## What is expected
Retype, word for word, each line between the lines holding "操控角色移动时,连续点击两次" and "La unidad se", inclusive, and leave the rest of the data alone.

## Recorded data
::::

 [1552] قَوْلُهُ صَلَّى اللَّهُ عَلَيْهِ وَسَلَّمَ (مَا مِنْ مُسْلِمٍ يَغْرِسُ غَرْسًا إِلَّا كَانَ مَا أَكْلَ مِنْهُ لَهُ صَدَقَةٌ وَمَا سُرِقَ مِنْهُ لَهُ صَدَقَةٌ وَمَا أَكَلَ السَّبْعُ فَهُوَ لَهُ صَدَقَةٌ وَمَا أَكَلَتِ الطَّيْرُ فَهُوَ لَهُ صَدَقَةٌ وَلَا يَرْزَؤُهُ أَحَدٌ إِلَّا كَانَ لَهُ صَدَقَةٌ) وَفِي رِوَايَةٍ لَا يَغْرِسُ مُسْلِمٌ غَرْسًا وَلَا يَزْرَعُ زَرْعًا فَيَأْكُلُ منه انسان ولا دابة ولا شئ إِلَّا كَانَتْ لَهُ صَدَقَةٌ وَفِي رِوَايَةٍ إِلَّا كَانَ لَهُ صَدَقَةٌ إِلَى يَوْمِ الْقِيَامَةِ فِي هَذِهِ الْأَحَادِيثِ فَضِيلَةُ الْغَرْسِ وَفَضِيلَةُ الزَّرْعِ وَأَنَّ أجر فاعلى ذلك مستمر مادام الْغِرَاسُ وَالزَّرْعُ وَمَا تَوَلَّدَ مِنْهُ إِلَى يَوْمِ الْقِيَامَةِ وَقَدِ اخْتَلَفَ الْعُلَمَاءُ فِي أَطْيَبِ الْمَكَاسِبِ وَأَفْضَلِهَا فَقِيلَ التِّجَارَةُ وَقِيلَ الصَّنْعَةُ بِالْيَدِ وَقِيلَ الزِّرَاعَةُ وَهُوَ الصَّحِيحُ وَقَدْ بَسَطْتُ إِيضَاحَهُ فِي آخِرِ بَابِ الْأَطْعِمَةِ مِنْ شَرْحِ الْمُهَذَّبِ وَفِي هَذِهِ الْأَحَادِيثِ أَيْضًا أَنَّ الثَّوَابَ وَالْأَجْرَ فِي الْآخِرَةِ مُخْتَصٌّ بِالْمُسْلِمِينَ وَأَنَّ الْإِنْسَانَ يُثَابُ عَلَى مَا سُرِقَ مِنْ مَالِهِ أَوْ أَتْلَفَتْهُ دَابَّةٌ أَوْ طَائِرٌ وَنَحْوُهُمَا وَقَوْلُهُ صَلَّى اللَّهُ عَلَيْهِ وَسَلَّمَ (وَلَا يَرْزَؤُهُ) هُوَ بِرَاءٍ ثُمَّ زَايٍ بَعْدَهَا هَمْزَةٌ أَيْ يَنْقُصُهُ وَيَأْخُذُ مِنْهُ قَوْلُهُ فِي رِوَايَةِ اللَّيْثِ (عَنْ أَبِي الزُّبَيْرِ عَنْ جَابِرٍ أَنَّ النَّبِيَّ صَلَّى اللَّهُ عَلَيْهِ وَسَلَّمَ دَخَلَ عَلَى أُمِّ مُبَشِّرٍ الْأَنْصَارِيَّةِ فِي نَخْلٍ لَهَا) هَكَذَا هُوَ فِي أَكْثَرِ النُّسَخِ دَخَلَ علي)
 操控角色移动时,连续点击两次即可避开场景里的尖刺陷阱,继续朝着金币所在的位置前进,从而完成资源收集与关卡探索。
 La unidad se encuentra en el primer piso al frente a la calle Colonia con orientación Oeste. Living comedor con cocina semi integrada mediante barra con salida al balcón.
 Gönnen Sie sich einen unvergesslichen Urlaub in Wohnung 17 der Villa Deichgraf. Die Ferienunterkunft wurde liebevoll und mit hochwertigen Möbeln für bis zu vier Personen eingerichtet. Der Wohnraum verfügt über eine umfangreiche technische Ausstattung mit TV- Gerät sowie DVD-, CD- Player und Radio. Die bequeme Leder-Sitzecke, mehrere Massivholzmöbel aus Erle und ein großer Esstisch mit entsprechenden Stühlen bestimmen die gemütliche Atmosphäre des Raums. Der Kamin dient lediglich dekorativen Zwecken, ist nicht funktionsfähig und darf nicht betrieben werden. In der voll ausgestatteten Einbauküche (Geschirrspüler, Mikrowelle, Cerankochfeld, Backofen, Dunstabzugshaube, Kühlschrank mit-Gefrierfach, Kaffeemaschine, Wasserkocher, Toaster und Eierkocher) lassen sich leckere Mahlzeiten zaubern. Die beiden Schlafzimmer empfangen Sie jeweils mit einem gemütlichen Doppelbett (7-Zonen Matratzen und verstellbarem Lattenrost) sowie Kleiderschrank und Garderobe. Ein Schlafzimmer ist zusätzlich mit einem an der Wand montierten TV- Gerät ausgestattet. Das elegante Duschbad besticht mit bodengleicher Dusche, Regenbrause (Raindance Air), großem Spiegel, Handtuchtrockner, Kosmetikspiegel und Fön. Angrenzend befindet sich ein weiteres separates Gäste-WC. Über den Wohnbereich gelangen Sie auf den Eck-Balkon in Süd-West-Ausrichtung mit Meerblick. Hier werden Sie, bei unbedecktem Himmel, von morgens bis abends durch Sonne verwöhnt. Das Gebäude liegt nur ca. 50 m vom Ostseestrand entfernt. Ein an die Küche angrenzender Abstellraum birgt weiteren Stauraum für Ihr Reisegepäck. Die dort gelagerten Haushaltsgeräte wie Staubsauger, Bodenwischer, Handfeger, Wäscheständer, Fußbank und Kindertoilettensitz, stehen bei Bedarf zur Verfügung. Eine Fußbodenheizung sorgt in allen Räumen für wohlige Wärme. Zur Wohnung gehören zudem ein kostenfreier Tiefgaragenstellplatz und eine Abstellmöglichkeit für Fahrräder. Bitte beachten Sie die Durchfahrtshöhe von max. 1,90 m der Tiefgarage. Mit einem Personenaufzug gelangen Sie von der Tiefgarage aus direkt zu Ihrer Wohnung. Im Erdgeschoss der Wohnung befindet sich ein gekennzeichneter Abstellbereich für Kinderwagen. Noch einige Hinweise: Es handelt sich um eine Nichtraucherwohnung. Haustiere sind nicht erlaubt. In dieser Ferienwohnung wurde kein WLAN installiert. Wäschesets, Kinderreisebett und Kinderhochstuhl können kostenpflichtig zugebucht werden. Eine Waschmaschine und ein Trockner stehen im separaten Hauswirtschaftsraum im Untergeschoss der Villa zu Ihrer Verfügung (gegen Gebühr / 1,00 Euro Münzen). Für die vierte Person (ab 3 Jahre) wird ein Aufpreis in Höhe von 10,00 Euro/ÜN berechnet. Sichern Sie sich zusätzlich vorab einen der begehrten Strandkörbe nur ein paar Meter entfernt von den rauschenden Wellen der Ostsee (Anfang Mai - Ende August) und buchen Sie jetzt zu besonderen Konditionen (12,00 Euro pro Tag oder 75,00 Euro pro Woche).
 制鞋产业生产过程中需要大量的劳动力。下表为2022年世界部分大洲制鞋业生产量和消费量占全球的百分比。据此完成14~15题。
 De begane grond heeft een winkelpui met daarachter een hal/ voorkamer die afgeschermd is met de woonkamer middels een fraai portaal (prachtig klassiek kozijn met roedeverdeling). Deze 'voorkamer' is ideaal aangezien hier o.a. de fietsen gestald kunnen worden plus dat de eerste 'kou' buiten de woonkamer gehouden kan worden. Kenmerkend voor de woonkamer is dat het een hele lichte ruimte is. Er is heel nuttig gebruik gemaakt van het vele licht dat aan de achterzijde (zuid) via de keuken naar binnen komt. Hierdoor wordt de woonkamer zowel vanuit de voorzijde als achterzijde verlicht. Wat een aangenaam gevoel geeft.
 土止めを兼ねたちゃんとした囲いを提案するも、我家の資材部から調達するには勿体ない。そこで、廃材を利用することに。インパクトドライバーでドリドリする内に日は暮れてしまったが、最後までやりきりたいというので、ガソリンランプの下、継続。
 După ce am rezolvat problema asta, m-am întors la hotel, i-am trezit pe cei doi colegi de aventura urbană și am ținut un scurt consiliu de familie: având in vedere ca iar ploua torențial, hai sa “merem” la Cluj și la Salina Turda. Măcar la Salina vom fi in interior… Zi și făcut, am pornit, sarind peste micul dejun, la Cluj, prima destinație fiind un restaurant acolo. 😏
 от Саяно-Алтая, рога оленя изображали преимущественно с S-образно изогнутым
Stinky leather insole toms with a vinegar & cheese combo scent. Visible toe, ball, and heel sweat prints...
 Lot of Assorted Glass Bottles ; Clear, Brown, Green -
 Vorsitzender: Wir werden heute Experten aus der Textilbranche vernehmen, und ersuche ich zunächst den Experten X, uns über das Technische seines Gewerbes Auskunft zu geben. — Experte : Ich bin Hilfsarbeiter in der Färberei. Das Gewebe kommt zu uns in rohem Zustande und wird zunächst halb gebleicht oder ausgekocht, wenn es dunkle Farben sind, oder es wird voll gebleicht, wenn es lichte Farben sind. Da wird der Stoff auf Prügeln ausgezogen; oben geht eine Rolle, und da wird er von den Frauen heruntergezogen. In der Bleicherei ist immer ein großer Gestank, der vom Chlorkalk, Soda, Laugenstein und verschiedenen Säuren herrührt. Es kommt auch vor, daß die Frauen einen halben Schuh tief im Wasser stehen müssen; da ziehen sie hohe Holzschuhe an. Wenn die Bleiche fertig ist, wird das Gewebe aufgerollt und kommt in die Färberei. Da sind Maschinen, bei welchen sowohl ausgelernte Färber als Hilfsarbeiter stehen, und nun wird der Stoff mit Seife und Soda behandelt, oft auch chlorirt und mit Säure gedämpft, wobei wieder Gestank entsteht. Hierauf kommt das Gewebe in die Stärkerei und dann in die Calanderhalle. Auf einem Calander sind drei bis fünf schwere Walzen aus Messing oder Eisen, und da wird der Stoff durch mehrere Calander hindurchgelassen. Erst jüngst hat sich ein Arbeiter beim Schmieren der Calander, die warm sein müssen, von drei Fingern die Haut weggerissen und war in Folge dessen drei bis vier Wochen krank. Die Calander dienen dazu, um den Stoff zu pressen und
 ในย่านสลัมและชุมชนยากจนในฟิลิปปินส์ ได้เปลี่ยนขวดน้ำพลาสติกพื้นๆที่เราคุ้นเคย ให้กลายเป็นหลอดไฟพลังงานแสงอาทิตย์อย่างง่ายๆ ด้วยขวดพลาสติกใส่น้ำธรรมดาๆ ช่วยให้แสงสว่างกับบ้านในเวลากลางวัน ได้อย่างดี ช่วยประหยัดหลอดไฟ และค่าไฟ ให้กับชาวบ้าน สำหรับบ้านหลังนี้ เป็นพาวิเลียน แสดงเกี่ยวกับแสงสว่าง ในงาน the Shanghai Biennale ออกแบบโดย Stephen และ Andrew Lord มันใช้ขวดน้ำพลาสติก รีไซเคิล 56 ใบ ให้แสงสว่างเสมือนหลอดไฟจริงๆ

::::

## Solution to the problem
 操控角色移动时,连续点击两次即可避开场景里的尖刺陷阱,继续朝着金币所在的位置前进,从而完成资源收集与关卡探索。
 La unidad se encuentra en el primer piso al frente a la calle Colonia con orientación Oeste. Living comedor con cocina semi integrada mediante barra con salida al balcón.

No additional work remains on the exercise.